Would you return the listing that follows exactly, leaving its pictures behind?
═══ Stored data
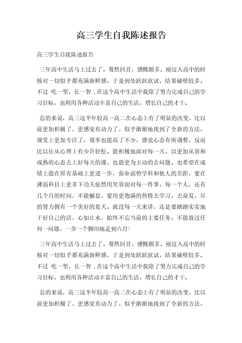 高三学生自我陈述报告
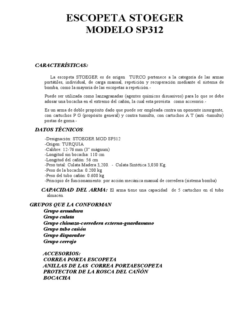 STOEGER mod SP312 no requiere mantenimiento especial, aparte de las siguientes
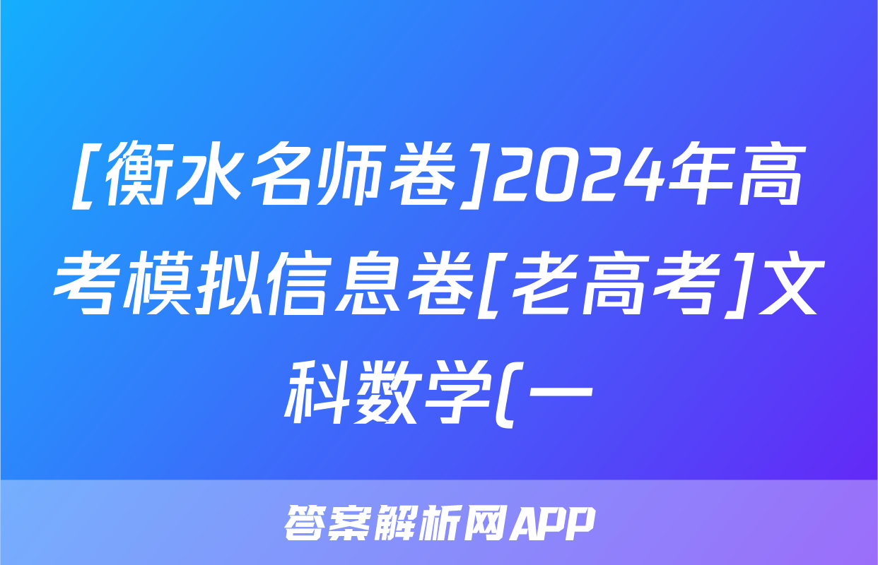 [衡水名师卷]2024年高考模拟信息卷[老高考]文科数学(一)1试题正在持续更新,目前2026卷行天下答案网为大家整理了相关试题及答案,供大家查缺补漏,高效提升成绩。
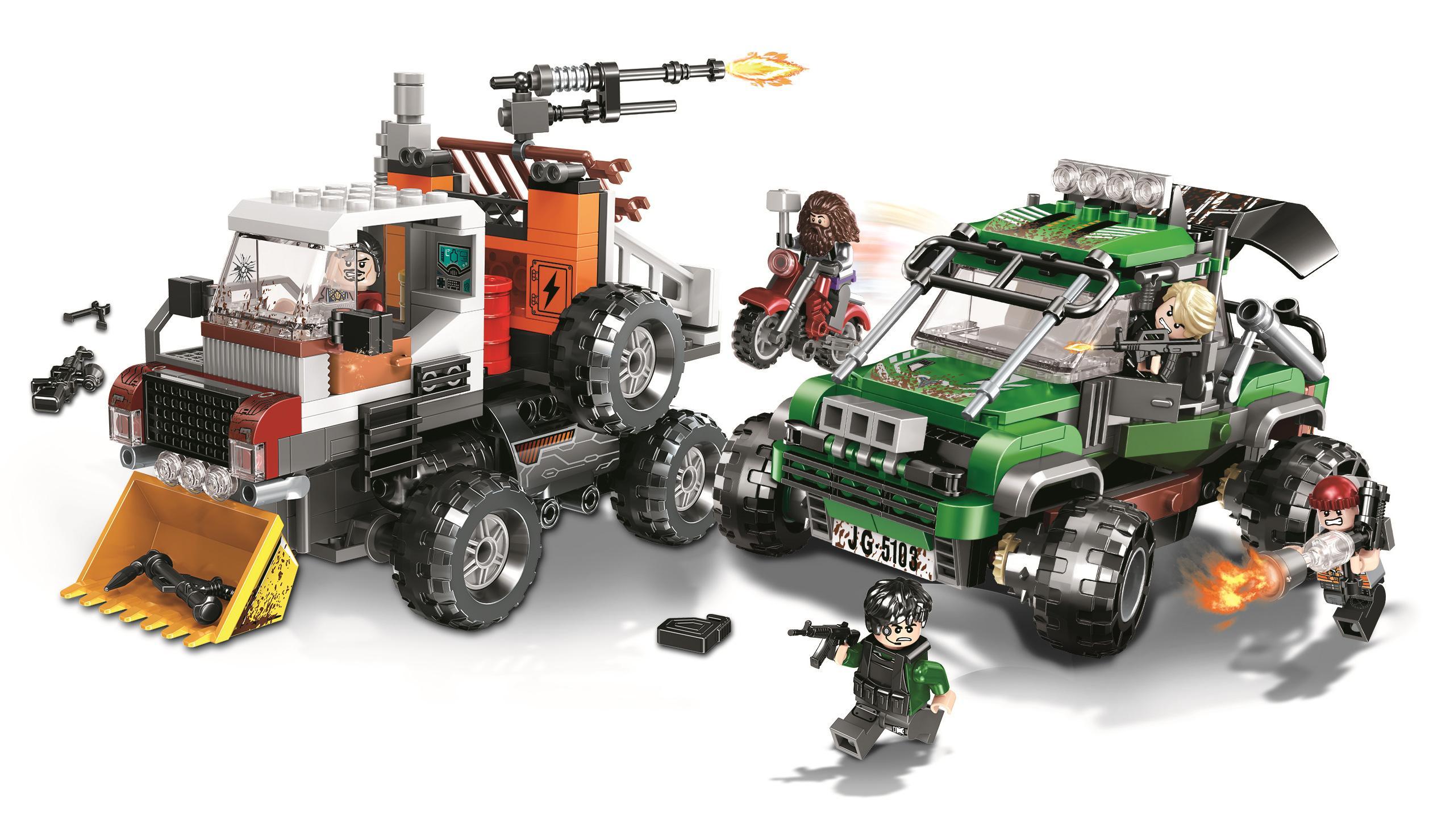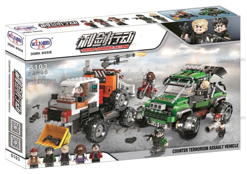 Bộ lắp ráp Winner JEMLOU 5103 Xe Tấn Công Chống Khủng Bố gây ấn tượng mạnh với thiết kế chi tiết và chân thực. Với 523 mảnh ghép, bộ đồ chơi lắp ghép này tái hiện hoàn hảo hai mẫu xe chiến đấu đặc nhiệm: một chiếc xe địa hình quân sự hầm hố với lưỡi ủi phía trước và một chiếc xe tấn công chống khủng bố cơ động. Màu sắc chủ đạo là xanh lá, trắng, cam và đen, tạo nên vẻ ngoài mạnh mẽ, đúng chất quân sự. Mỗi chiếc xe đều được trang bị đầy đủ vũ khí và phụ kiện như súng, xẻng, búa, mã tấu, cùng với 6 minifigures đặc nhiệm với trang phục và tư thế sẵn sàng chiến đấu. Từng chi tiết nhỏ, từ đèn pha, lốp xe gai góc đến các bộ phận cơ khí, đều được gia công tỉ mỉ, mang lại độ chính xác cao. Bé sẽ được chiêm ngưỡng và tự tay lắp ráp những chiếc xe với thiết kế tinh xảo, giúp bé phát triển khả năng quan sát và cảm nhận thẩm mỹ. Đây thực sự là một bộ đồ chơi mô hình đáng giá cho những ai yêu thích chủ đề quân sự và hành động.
══════
→ Result of the task
 高三学生自我陈述报告
 STOEGER mod SP312 no requiere mantenimiento especial, aparte de las siguientes
 [衡水名师卷]2024年高考模拟信息卷[老高考]文科数学(一)1试题正在持续更新,目前2026卷行天下答案网为大家整理了相关试题及答案,供大家查缺补漏,高效提升成绩。
 Bộ lắp ráp Winner JEMLOU 5103 Xe Tấn Công Chống Khủng Bố gây ấn tượng mạnh với thiết kế chi tiết và chân thực. Với 523 mảnh ghép, bộ đồ chơi lắp ghép này tái hiện hoàn hảo hai mẫu xe chiến đấu đặc nhiệm: một chiếc xe địa hình quân sự hầm hố với lưỡi ủi phía trước và một chiếc xe tấn công chống khủng bố cơ động. Màu sắc chủ đạo là xanh lá, trắng, cam và đen, tạo nên vẻ ngoài mạnh mẽ, đúng chất quân sự. Mỗi chiếc xe đều được trang bị đầy đủ vũ khí và phụ kiện như súng, xẻng, búa, mã tấu, cùng với 6 minifigures đặc nhiệm với trang phục và tư thế sẵn sàng chiến đấu. Từng chi tiết nhỏ, từ đèn pha, lốp xe gai góc đến các bộ phận cơ khí, đều được gia công tỉ mỉ, mang lại độ chính xác cao. Bé sẽ được chiêm ngưỡng và tự tay lắp ráp những chiếc xe với thiết kế tinh xảo, giúp bé phát triển khả năng quan sát và cảm nhận thẩm mỹ. Đây thực sự là một bộ đồ chơi mô hình đáng giá cho những ai yêu thích chủ đề quân sự và hành động.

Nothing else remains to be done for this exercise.